Lifetime's all-black remake of Steel Magnolias: Good idea?

The popular Julia Roberts weepfest is headed to the small screen, with some of Hollywood's most talented black women stepping into the iconic roles

The 1989 weepy classic "Steel Magnolias"
(Image credit: Wikimedia Commons)

The campy-yet-poignant 1989 tearjerker Steel Magnolias earned a pre-Pretty Woman Julia Roberts her first Oscar nomination and grossed $96 million at the box office. Now the film, which also starred Sally Field, Dolly Parton, and Olympia Dukakis as a close-knit circle of friends in rural Louisiana, is being remade as a Lifetime TV movie — this time with an all-black cast. The project will be directed by Kenny Leon, who directed the TV-movie version of A Raisin in the Sun starring Sean "P. Diddy" Combs. Some commentators are questioning the new Steel Magnolias' all-black casting treatment, considering that race relations play little part in the film's plot (none, really). Still, could this work?

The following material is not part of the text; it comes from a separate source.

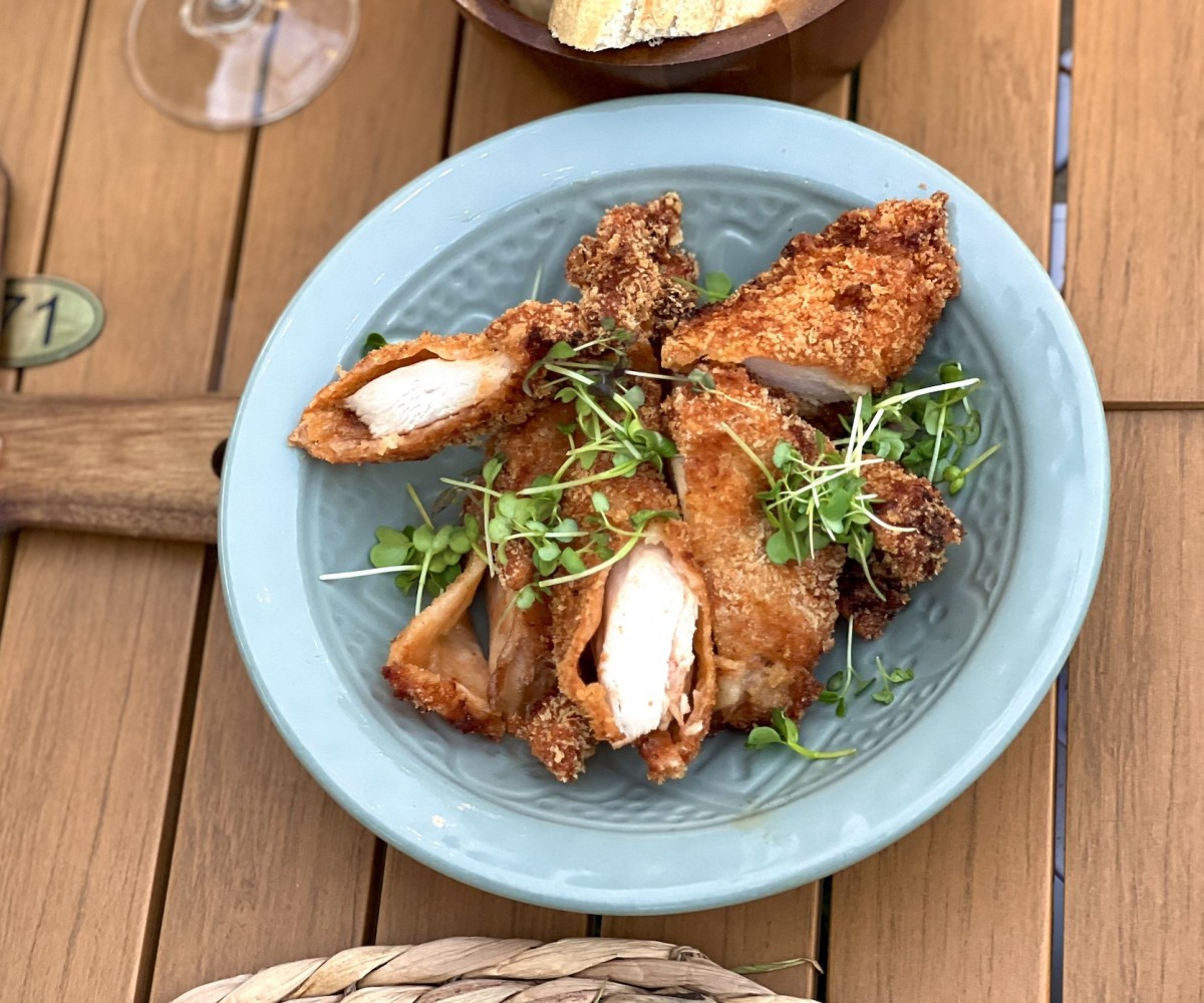 Crudités, tapenade, houmous maison, tenders de légumes, onions rings et beignets de fleurs de courgettes, aïoli

No, this makes no sense at all: Of all properties to remake with an all-black cast, says Megan Angelo at Business Insider, why this? Other productions that have gone this route, like Cat on a Hot Tin Roof and Hamlet, had themes, time periods, and plots that resonated in new ways when the cast was uniformly black. "Not ditto for Dolly Parton and armadillo cake." Considering that the script will likely have to be re-written, "why not just start from scratch altogether, instead of awkwardly calling it an all-black remake?"